Sunlight on a Broken Column by Attia Hosain 



The only novel by Attia Hosain
Being a Muslim woman in pre-partitioned India, Attia Hosain has come to represent in modern times a unique sensibility in her ability to straddle two different cultures. She was born in 1913 into an aristocratic family in Lucknow - a city that is a byword for Muslim scholarship and culture. From her father she inherited a keen interest in politics and nationalism. From her mother's family of poets and scholars she drew a rich knowledge of Urdu, Persian and Arabic. Her knowledge of English came from an English governess, and subsequently as one of the few Indian girls at an English medium school. She was the first woman from her background to take a degree at Lucknow University. Sunlight on a Broken Column, which was published in 1961 is her only novel. 

In 1947, during the partition, she was in England where her husband was posted at the time. She chooses to remain there till her death in 1998, but the India of her mind, of her ancestors never truly leaves her, and it is her nostalgia for her homeland that urges her to write. In Sunlight on a Broken Column, we are taken back to a time almost nearly forgotten in Indian history – to the Lucknow of 1920s when taluqdars or feudal landlords were just second in importance to the kings. They were very rich and lived a luxurious and elegant life. This is the ancestral family that our protagonist Laila, an orphaned young Muslim girl, belongs to. 

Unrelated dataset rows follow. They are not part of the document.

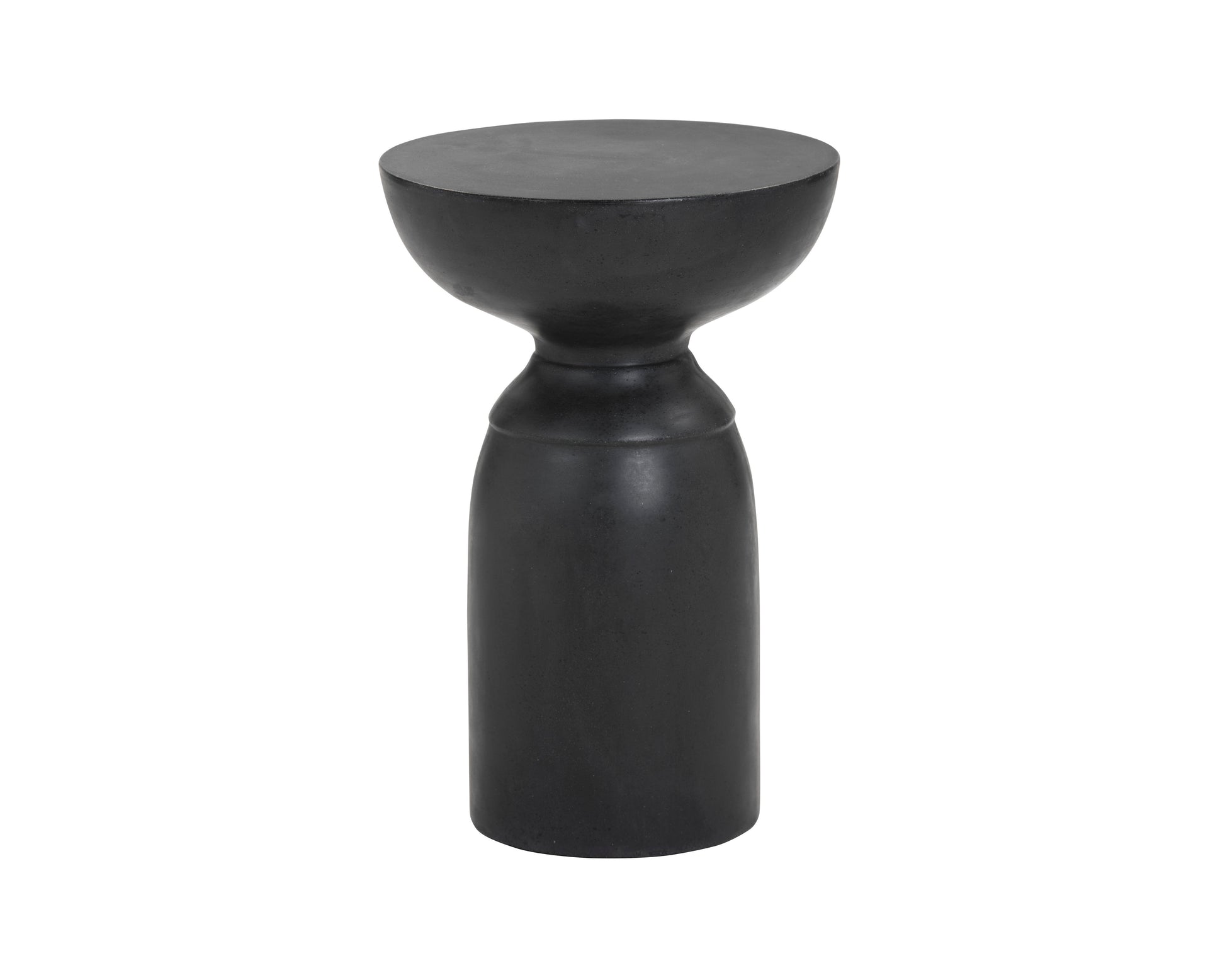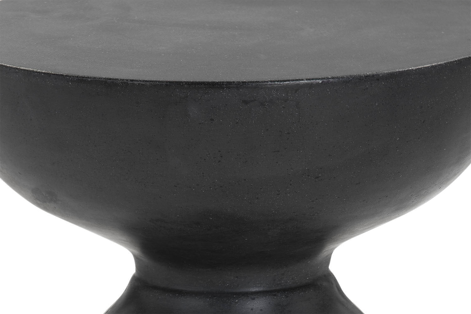 A compact and gracefully sculpted end table. Made from concrete with a painted black finish. This versatile and attractive piece is
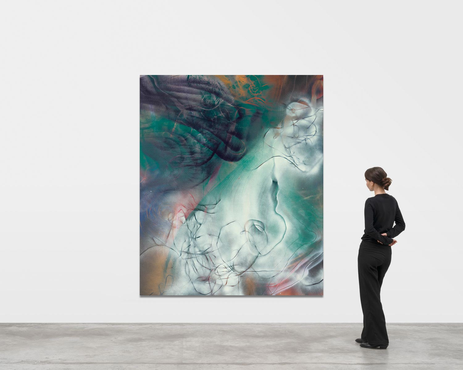 As we move through the exhibition hall, the journey gradually cools, as if we were walking from the hot sand to the coolness of the sea, where our feet touch the water for the first time in summer. The paintings begin to contrast in colors and movements, becoming more organic and wilder, like a mane dancing in the wind on a summer day.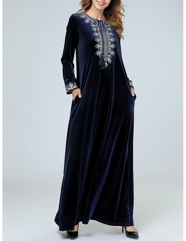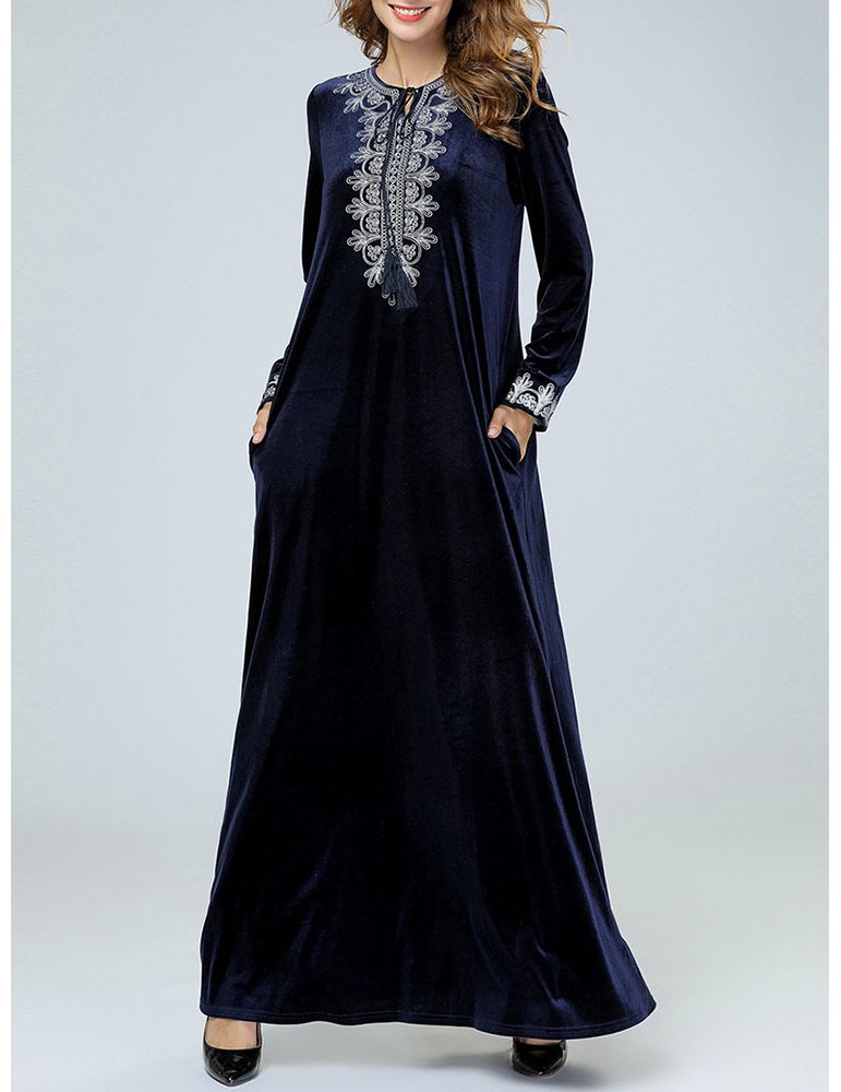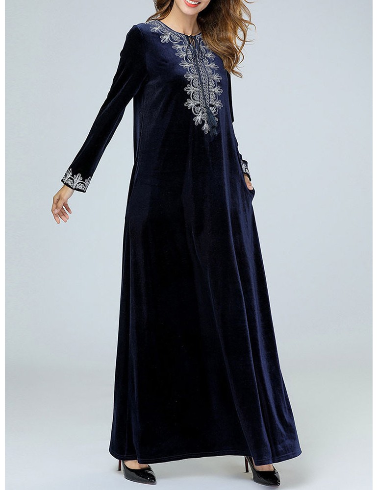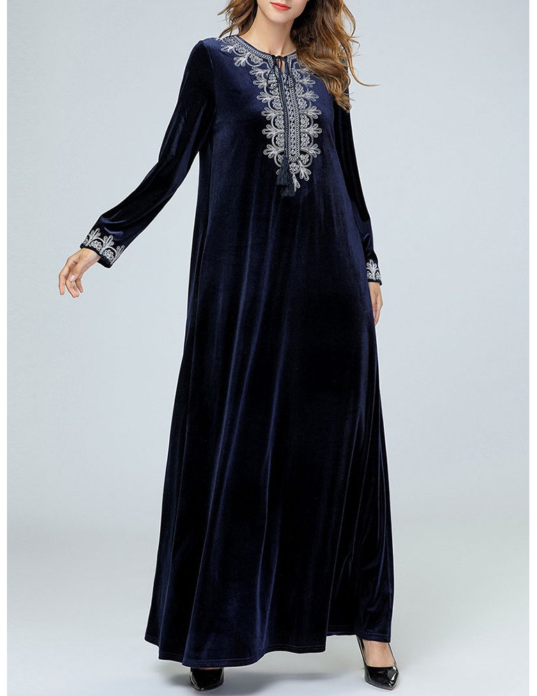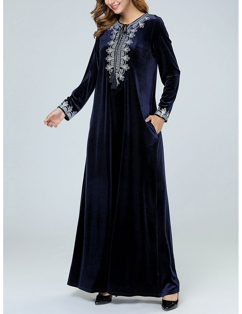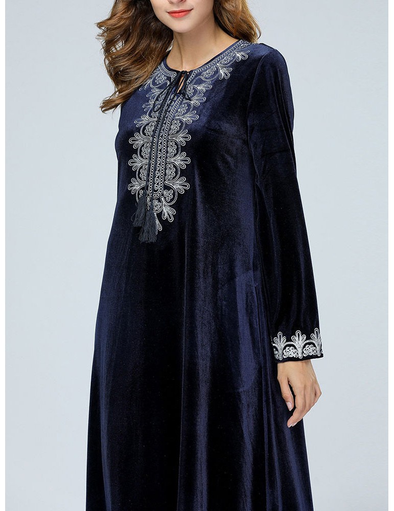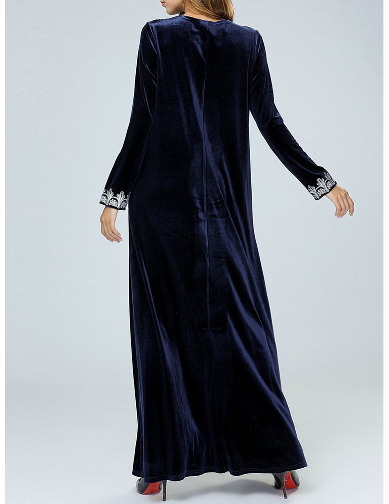 Elegant Muslim Velvet Embroidery Maxi Dress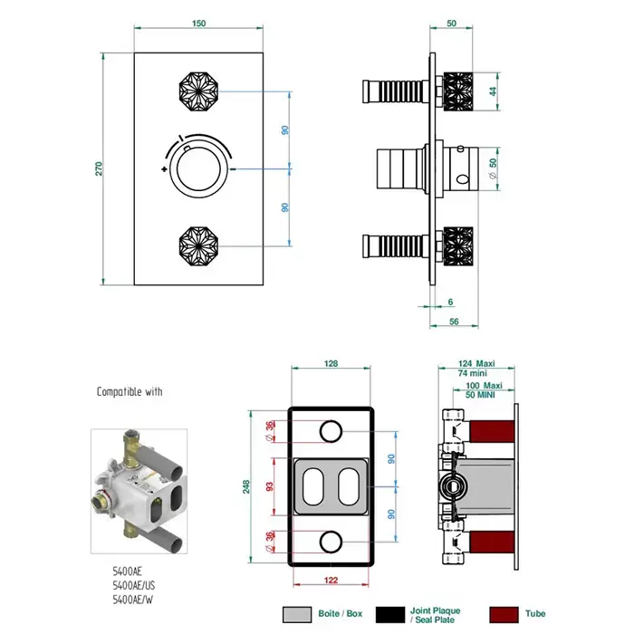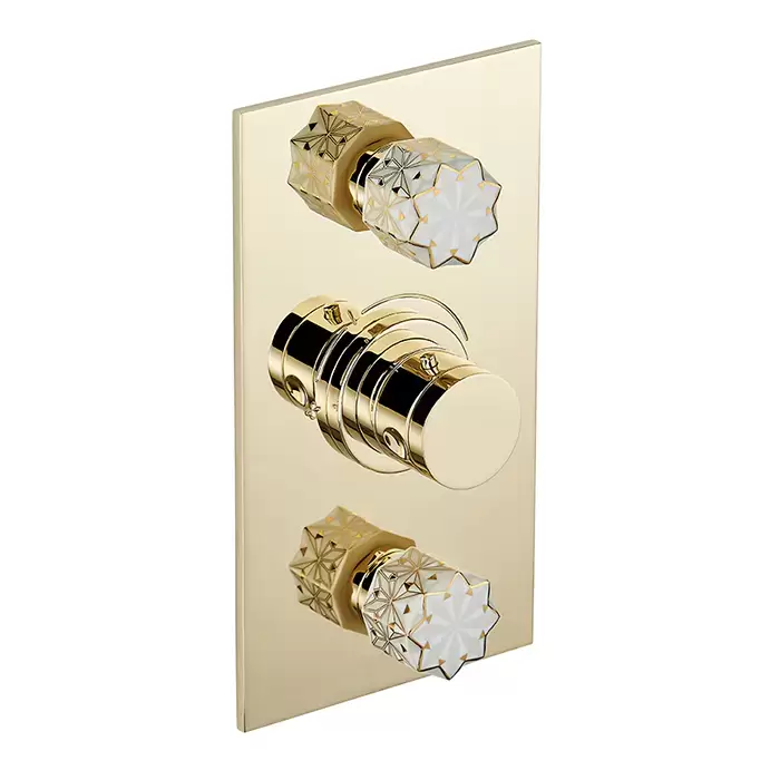 THG Nihal Porcelaine Ivoir Смеситель для душа встраиваемый, термостатический, с двумя запорными вентилями, внешняя часть, цвет: Soft gold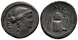 Carisia. T. Carisius. Denario. 46 a.C. Roma. (Ffc-543). (Craw-464/2). (Cal-382). Anv.: Cabeza de Juno Moneta a derecha, lleva dos mechones de pelo a lo largo de la nuca,detrás: MONETA. Rev.: Tenazas, yunque, cuño y martillo, encima: T. CARISIVS. Todo dentro de corona de laurel. Ag. 3,60 g. Pátina original. MBC/MBC+. Est...160,00.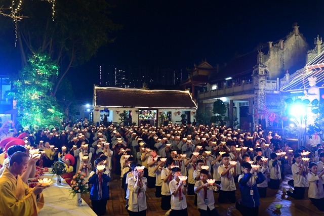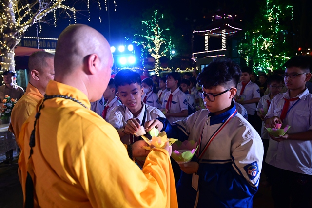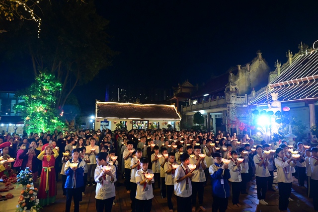 Đông đảo học sinh và Phật tử về tham dự Đêm hoa đăng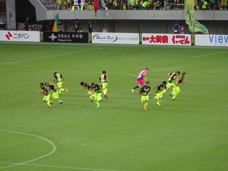 前半36分、船山のミドルシュートは左に外れる。さらに、前半40分、溝渕が右からクロスをいれるとブロックした選手の手に当たってハンドのなりPKの判定。このPKを船山が落ち着いて決めてジェフが先生する。

The title of the novel is taken from a poem by T.E. Eliot called Hollow Men, which echoes a notion of a changing world order. The metaphorical meaning of the title is also quite clear if one ponders over it. The broken fragments of a once magnificent structure (which could be feudalism, family, nation etc..) are now illuminated by sunlight which lends one the hint of purity and clear meaning to what once was formidable and seemingly indestructible.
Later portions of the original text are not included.